■ **Exercise prompt**: Take the material below and output exactly the run of lines from the one containing "デルガルは地下迷宮に引き籠も" down to the one containing "business or office", with both included.

■ **Provided data**:
# # # #
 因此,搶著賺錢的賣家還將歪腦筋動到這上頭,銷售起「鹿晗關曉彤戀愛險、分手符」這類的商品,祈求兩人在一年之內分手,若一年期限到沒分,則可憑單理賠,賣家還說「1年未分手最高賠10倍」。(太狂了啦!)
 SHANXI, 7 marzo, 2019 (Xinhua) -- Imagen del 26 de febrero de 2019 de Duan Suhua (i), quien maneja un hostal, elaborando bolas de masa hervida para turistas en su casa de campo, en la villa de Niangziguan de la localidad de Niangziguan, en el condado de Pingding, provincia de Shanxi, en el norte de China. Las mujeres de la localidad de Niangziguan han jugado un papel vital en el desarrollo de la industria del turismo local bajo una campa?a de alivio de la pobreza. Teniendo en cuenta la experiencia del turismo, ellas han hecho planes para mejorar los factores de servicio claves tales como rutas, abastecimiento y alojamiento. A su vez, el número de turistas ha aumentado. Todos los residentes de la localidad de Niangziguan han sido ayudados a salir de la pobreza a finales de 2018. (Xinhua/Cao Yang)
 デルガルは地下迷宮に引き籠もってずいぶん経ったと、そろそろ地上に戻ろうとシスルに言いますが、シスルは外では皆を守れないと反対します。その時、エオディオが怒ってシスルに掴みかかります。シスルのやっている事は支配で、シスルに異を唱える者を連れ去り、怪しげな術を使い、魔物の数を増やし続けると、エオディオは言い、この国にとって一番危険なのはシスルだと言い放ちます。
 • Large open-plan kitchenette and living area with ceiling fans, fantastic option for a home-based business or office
# # # #
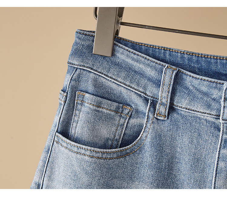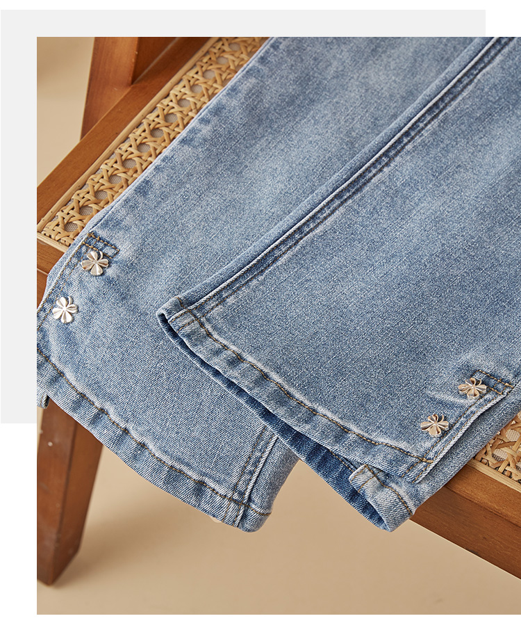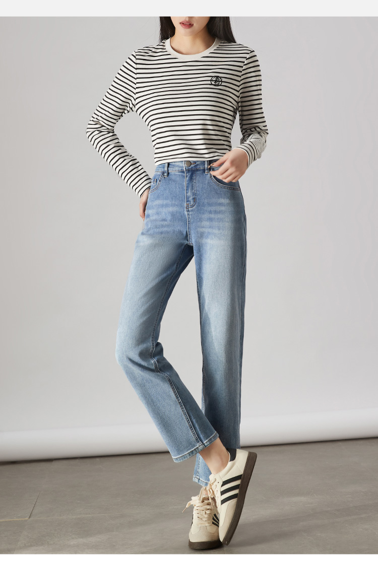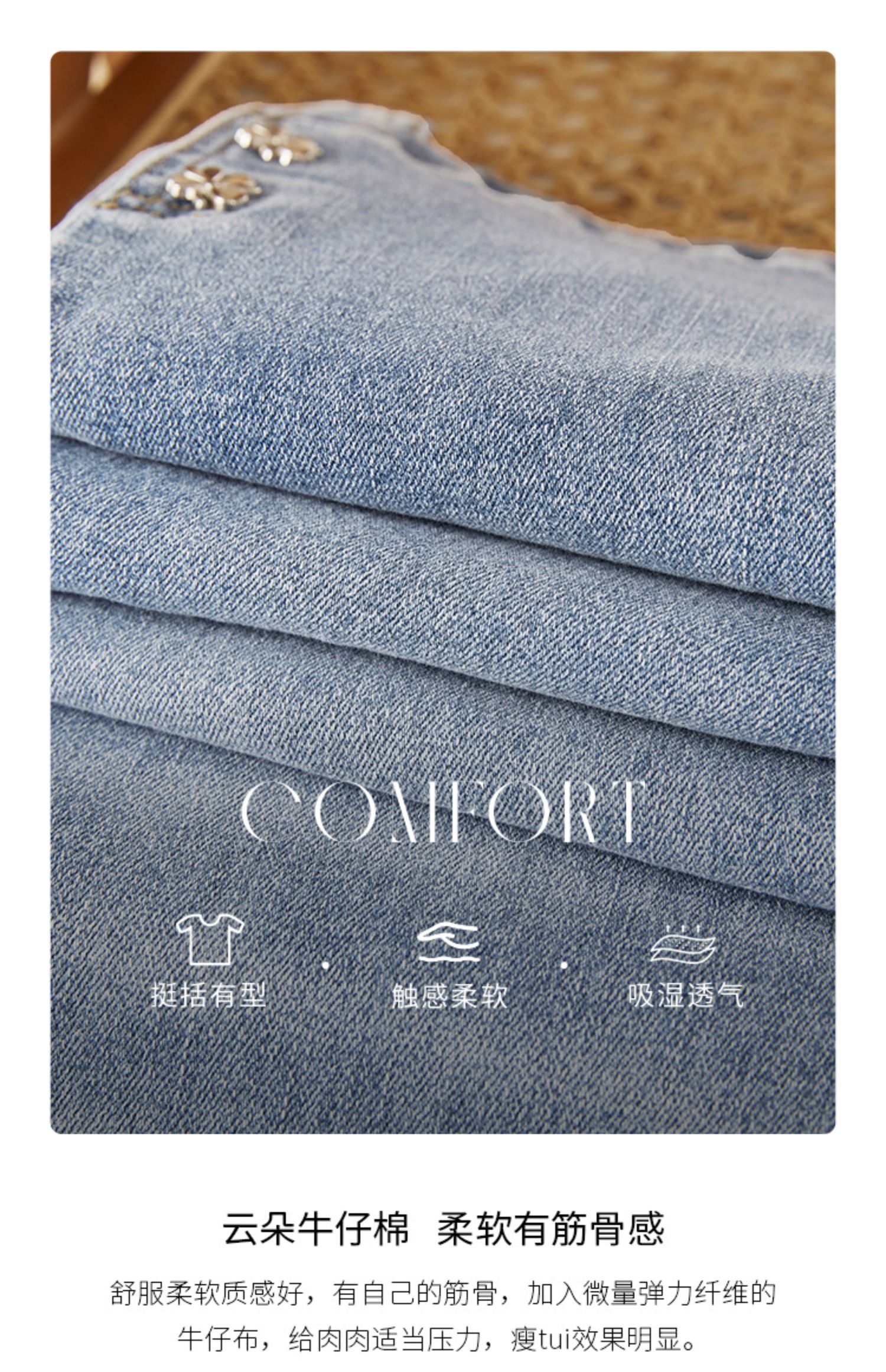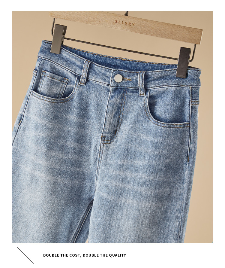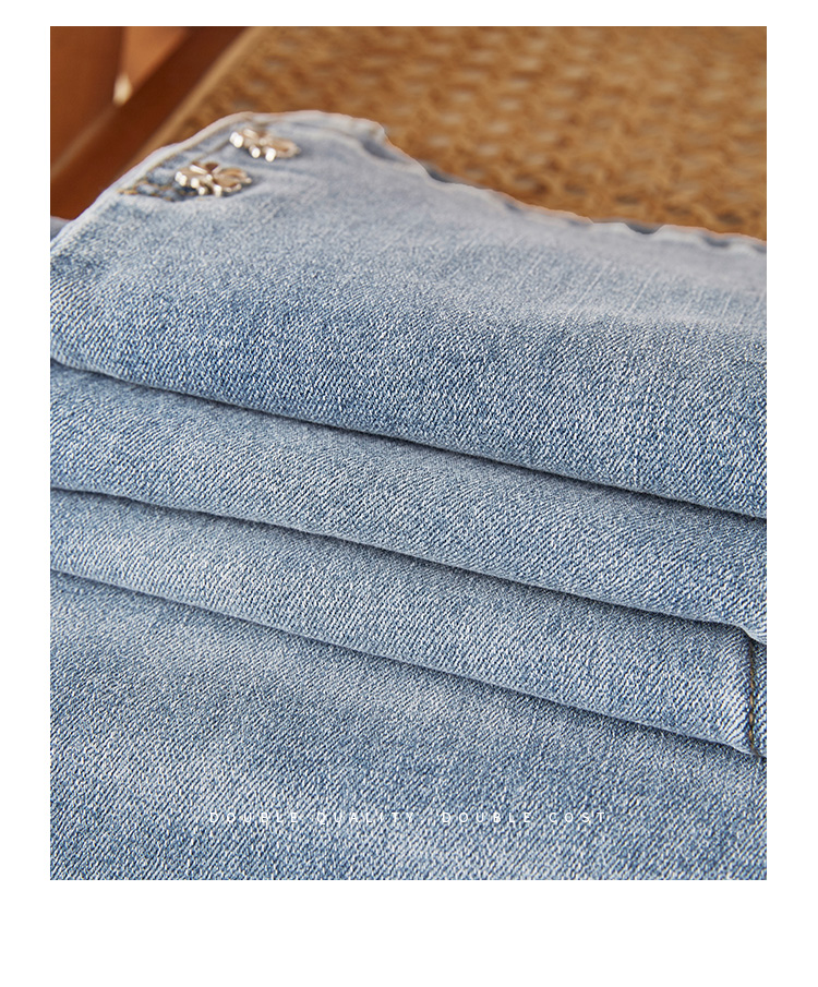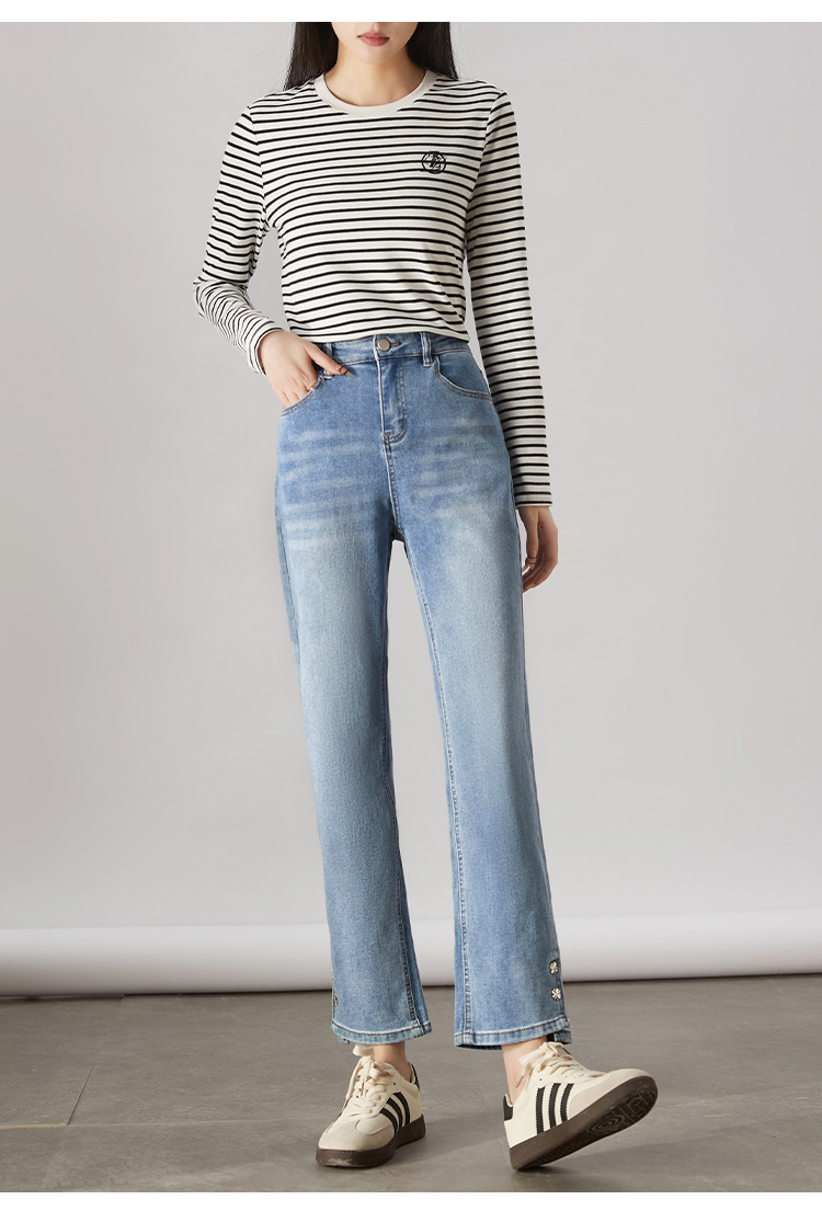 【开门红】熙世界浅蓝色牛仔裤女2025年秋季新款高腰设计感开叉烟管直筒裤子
# # # #
■ **Answer to the exercise**:
 デルガルは地下迷宮に引き籠もってずいぶん経ったと、そろそろ地上に戻ろうとシスルに言いますが、シスルは外では皆を守れないと反対します。その時、エオディオが怒ってシスルに掴みかかります。シスルのやっている事は支配で、シスルに異を唱える者を連れ去り、怪しげな術を使い、魔物の数を増やし続けると、エオディオは言い、この国にとって一番危険なのはシスルだと言い放ちます。
 • Large open-plan kitchenette and living area with ceiling fans, fantastic option for a home-based business or office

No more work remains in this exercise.